La presa di posizione è legata anche ad un evento verificatosi qualche giorno da a Musile di Piave (VE) dove il padre di un alunno della scuola del paese è stato accoltellato da due ragazzi ai quali aveva chiesto spiegazioni per presunti atti di bullismo nei confronti del proprio figlio verificatisi a scuola. Pittoni ricorda che “le scuole, sia statali che paritarie, hanno l’obbligo, nel caso di bullismo da parte di alunni ultraquattordicenni, di segnalare i fatti alla Procura della Repubblica e alla Procura regionale della Corte dei Conti, oltre che di attivare un procedimento disciplinare nei confronti dell’alunno presunto responsabile se si tratta di scuola secondaria”.
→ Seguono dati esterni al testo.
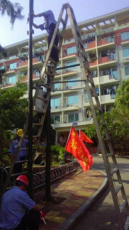 “莫兰蒂”过后,全校路灯损坏严重,总共232处遭到损坏。台风过后水电服务中心连续加班七天,这是一次与时间赛跑的抢修行动,七天中中心总出动162人次,车辆台班16台班,高空作业车8台班,水电维修、学生宿舍送电262人/次,争分夺秒,加班加点,基本恢复全校路灯照明。
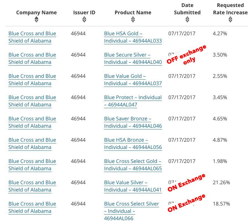 I've also confirmed that Alabama, which we thought was only Silver Loading, is definitley going the full Switcharoo route. There's only one carrier on the individual market in Alabama anyway (no, "Freedom Life" doesn't count), and unlike some carriers, BCBSAL broke out their filings into multiple categories for different metal levels. They have three different Silver filings listed, two available on exchange, on available off exchange only...and it's pretty obvious that they're only loading the CSR cost onto the on-exchange Silver plans, with the off-exchange Silver coming in at the same nominal 3.5% increase which is typical of the other Bronze and Gold plans:

“Ma tra gli obblighi – aggiunge Pittoni – rientrano anche attività di prevenzione, troppo spesso lasciate alla libera determinazione degli insegnanti”. 
Nella scuola, afferma l’esponente della Lega, vengono spesso attivati progetti, il cui aspetto critico è costituito dalla totale assenza di misurazioni della loro efficacia.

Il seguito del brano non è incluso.